What price happiness? The answer might be £3,360 a year.
The average UK worker would take a 10.5% pay cut to work for an employer where staff enjoy “above average” levels of happiness, a study has shown.
The research, which examined 23 million jobseekers across the UK, US and Canada, comes amid a growing push for companies and governments to quantify the costs and benefits of wellbeing alongside cash measures of economic output.
George Ward, an academic at the MIT Sloan Institute for Work and Employment Research, observed how jobseekers on the Indeed recruitment website screened out “unhappy firms” from their job search. He concluded companies should “invest in organisational and management practices that are conducive to worker happiness”.
He presented the results at a conference on wellbeing at Oxford University on Thursday.
Ward used data from Indeed who asked millions of employees if they “feel happy at work most of the time” to generate a “work happiness score”. It was displayed on job adverts from those firms for 10 months. In the US, the probability of a jobseeker applying for a post went up 14% if a firm had an average rather than low happiness score. On average, younger people showed greater taste for happier workplaces while richer respondents were willing to take larger pay cuts to work at happier firms.
In the UK, jobseekers surveyed by Ward said they were willing to trade a 10.5% pay cut to work for a company with an “above average” happiness score of 75 out of 100 rather than 65, which was “average”. For a worker on an average UK income of £32,000 that is equivalent to a £3,360 cut.
“Executives say happiness is hugely important but when you ask them if they do anything, it is only about 25% that are doing anything,” he said. “This is tangible evidence they have incentives to improve the happiness of their workforce.”
When workers were asked what they meant by a happy workplace they talked about work-life balance, “team” and social relationships, enjoyment and a sense of purpose, in that order. Pay and benefits contributed, but less so.
The research comes as a group of leading employers including S&P Global (which ranks companies), Unilever, BT and Cisco launch a new World Wellbeing Movement alongside Oxford university’s Wellbeing Research Centre and other organisations.
One of its goals is to promote a standard measure of wellbeing so it can be included in companies’ reporting of their social impact, which investors can weigh up. Wellbeing indicators at work have historically focused on injury, infirmity and disease, but there are growing calls to include leading indicators such as stress and despair.
“More than at any time in my lifetime we need more detail on feelings, human resentment, frustration and anger,” said Andrew Oswald, professor of economics and behavioural science at Warwick University, in a conference presentation that showed rising levels of discontent, particularly in the US. “We have not been paying attention. If we had been tracking feelings data, our democracies would not be in the danger they are now in.”
Gus O’Donnell, the former cabinet secretary, this week also issued a manifesto with others including Richard Layard, a labour economist and pioneer of happiness research. They are calling on governments to routinely measure policies’ impact on wellbeing.

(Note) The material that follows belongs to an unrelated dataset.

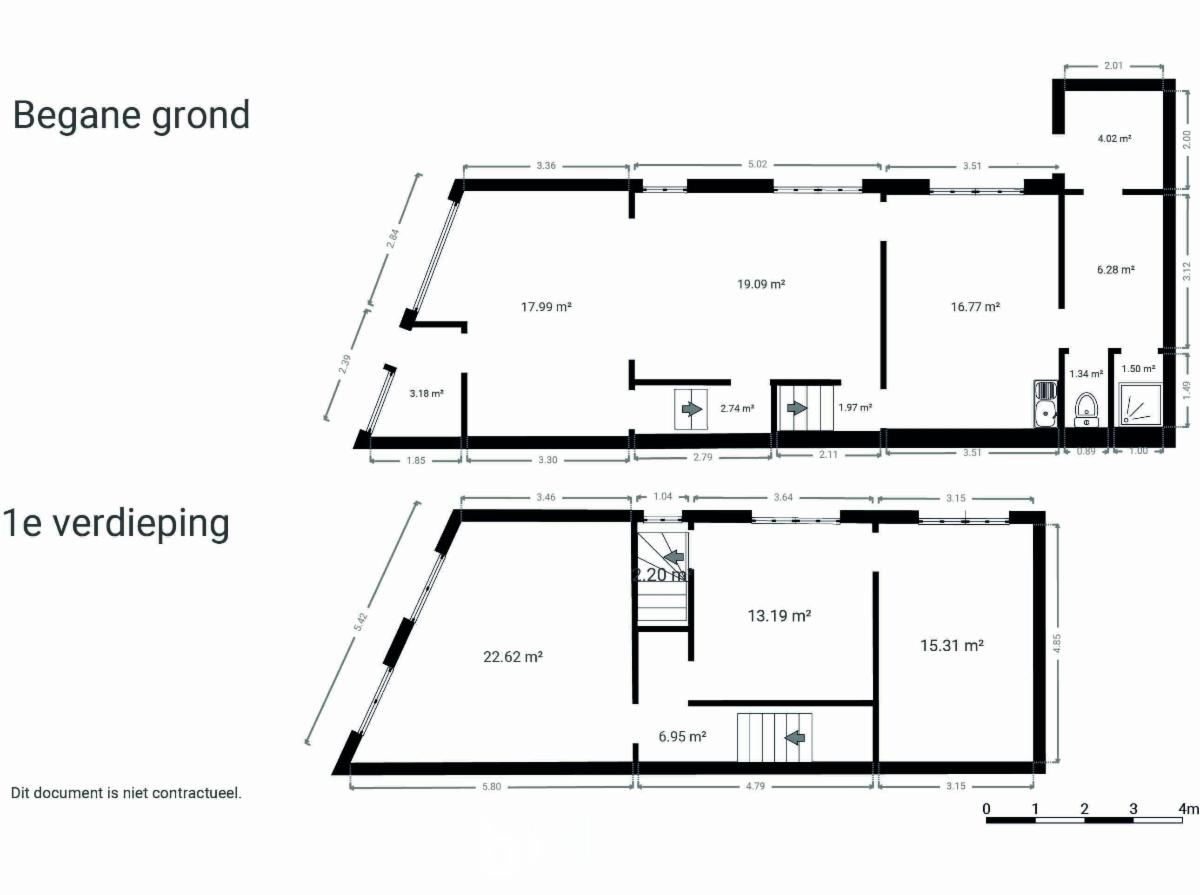 Op het gelijkvloers een inkomhal, aansluitende een grote leefruimte en een ruime keuken. Tot slot is er nog een extra ruimte voorzien waar u eventueel een badkamer met douche en toilet kan installeren.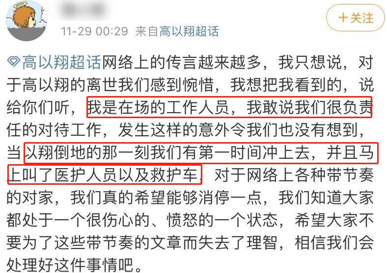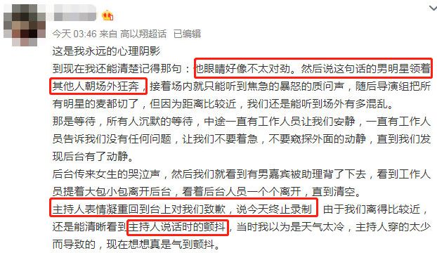 但这两天,有自称现场观众的网友,还原了高以翔事故现场。

“When departmental ministers ask the finance minister for money, the finance minister should say how much extra wellbeing will this proposal generate from each dollar of expenditure,” the manifesto states. “That is the proper concept of the bang for the buck.”
For the last decade, the Office for National Statistics has measured personal and economic wellbeing in the UK by asking questions such as “To what extent do you feel that the things you do in your life are worthwhile?” and “Overall, how satisfied are you with your life nowadays?”. Life satisfaction peaked at 7.71 out of 10 in 2018-19 but fell relatively sharply to 7.39 in 2020-21. Over the same period scores for “How anxious did you feel yesterday” rose from 2.87 out of 10 to 3.31.